Folgerichtig darf der Senat auch nicht die wegen der zurückgeführten Anschaffungskosten verminderten AfA-Beträge bei den Gesellschaftern, die Provisionsnachlässe erhalten haben, als Sondereinnahmen erfassen. Denn es gibt keine Rechtsgrundlage, für die betroffenen Gesellschafter Berichtigungen zu den Ansätzen der Gesellschaft vorzunehmen. Vielmehr beeinflusst die Minderung der Anschaffungskosten den Gesamtüberschuss der GbR und kann allein aus verfahrensrechtlichen Gründen nicht erfasst werden. Ob eine Berichtigungsmöglichkeit z.B. gemäß § 174 AO 1977 besteht, hat der Senat nicht zu prüfen, weil dazu ein besonderes Verfahren erforderlich wäre.

Indes ist der Senat im Streitfall aus prozessualen Gründen daran gehindert, die festgestellten Sondereinnahmen in vollem Umfang aufzuheben. Denn die Klägerin hat die beschriebene Kompensation mit der verminderten AfA-Bemessungsgrundlage auf der Ebene der Gesellschafter bereits im Antrag nachvollzogen. Sie hat nämlich lediglich beantragt, die Sondereinnahmen um die Beträge zu reduzieren, die den Unterschied ausmachen zwischen den im angefochtenen Bescheid festgestellten Sondereinnahmen und den auf die betroffenen Gesellschafter entfallenden verminderten AfA-Beträgen. Hieran ist der BFH nach § 96 Abs. 1 Satz 2 i.V.m. § 121 FGO gebunden.

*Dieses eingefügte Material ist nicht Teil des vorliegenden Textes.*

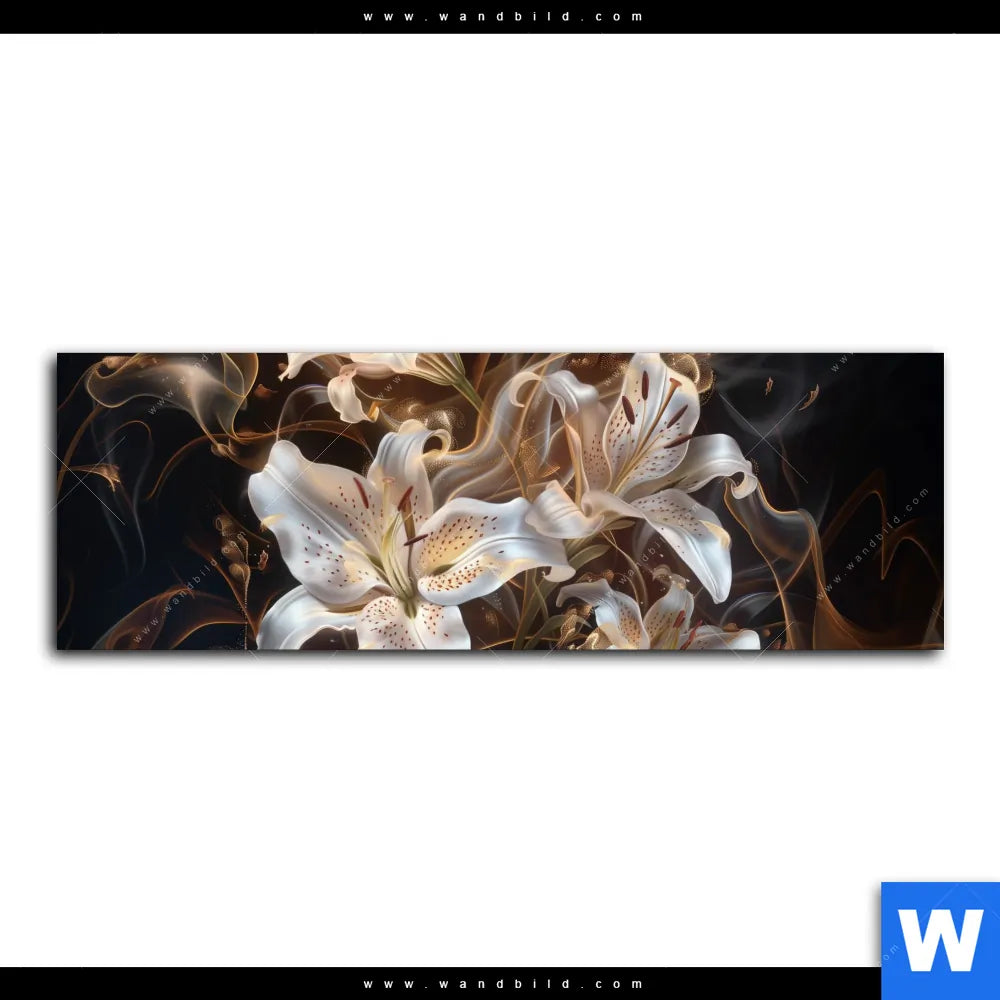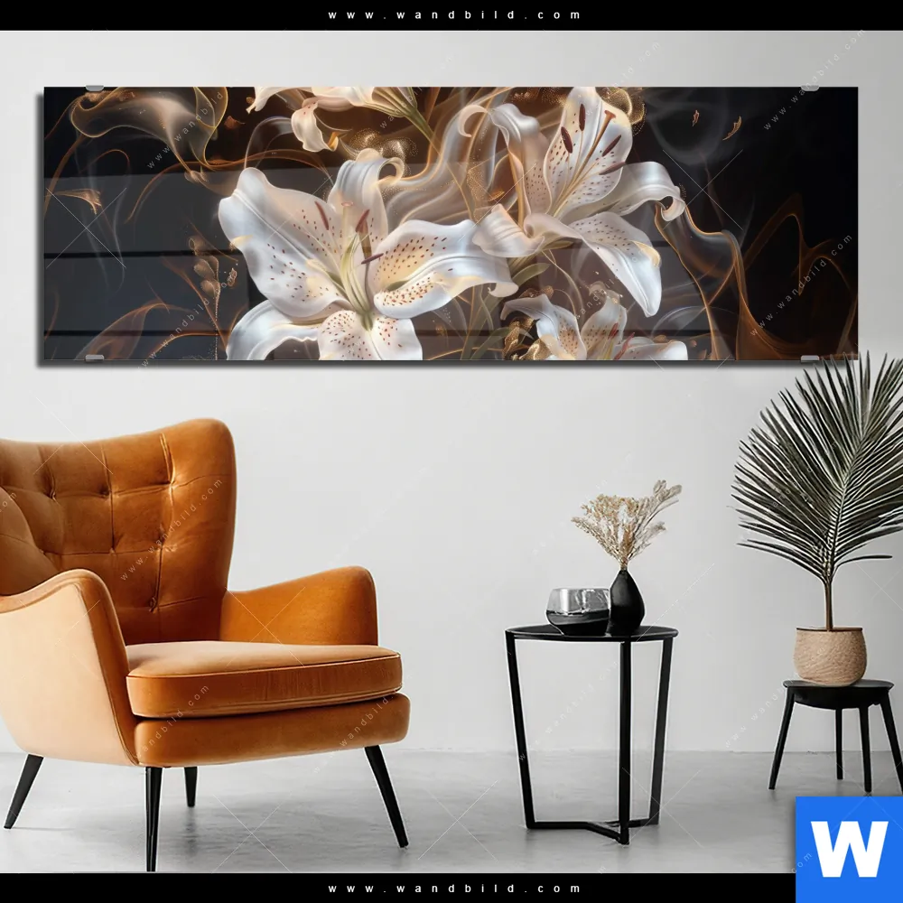Acrylglasbild | Lilien in goldenem Rauch | Panorama
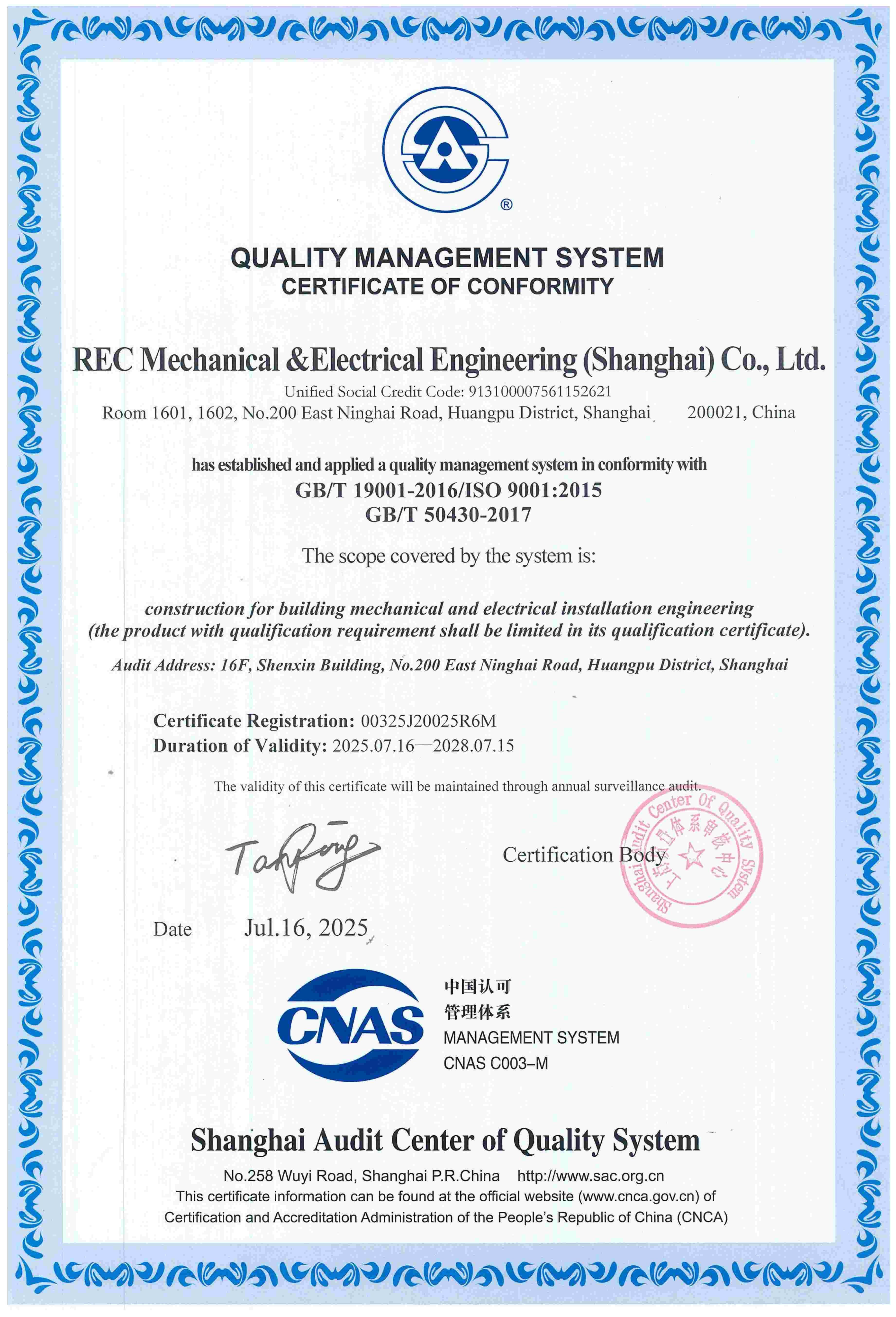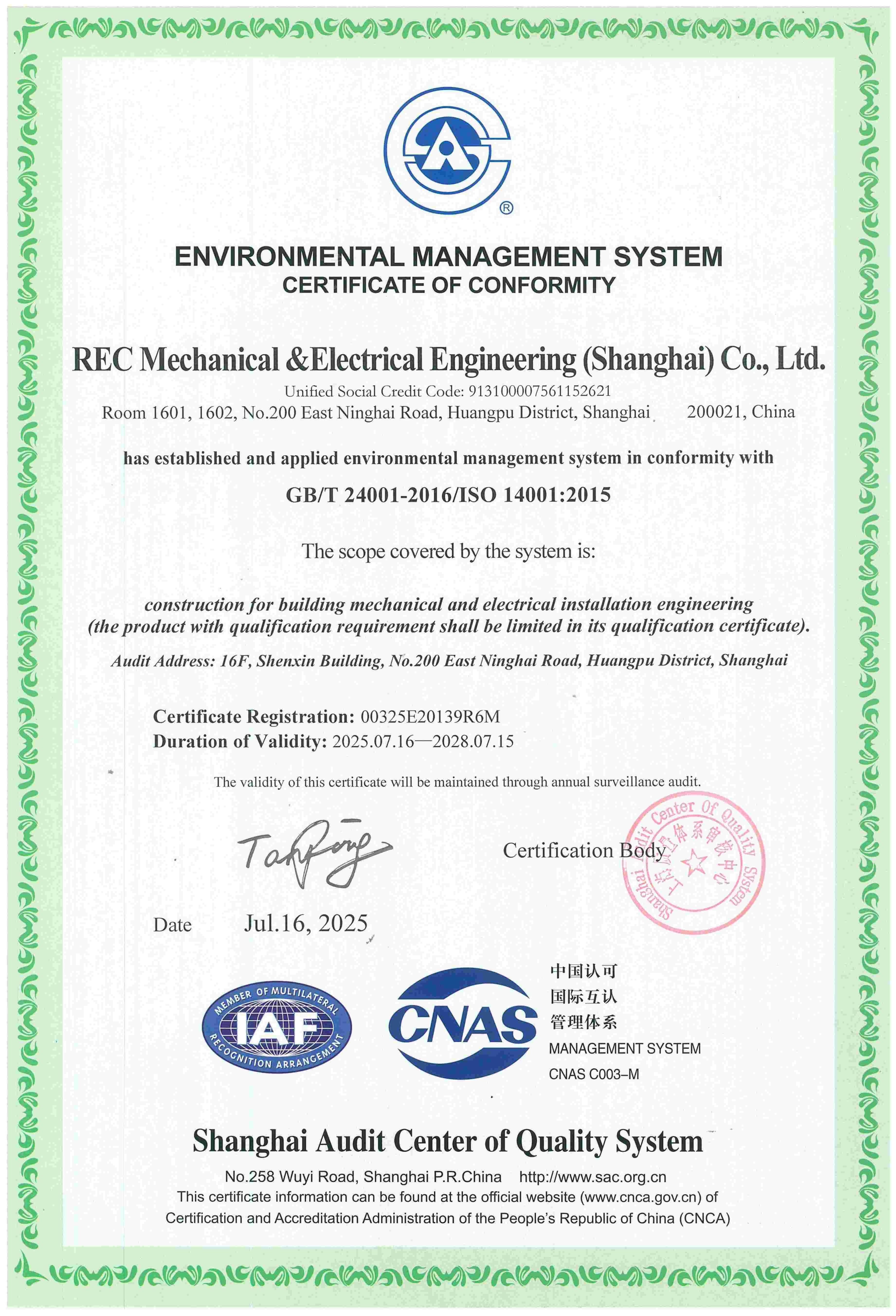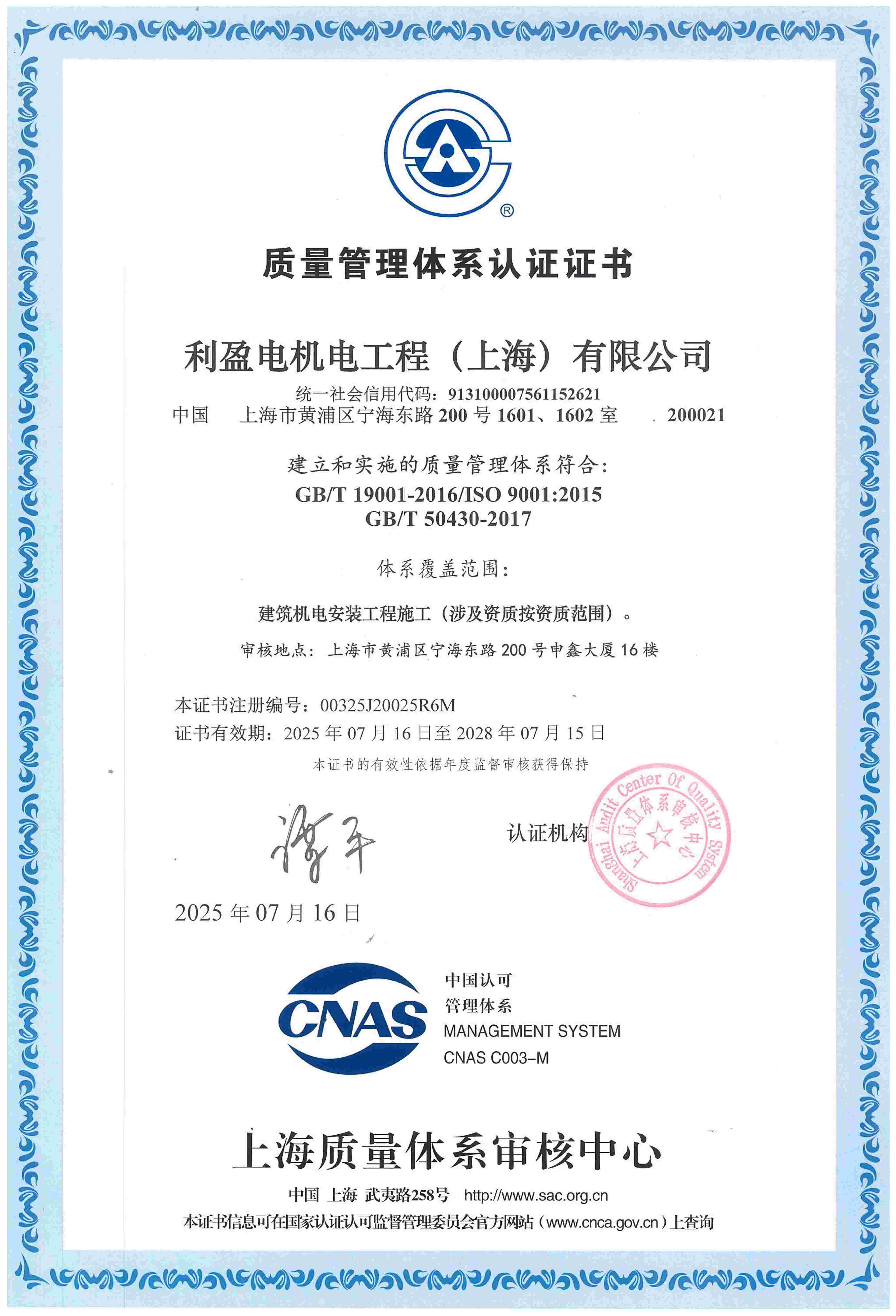 管理体系认证证书

4. Da das FG von anderen Grundsätzen ausgegangen ist, muss die Vorentscheidung aufgehoben werden. Die Sache ist spruchreif. Die im angefochtenen Bescheid enthaltenen (gesonderten) Feststellungen von Sondereinnahmen gegenüber den Gesellschaftern Y, X und Z, mit denen das FA im Streitjahr die Provisionsnachlässe als Einnahmen aus Vermietung und Verpachtung erfasst hat, sind im beantragten Umfang zu ändern.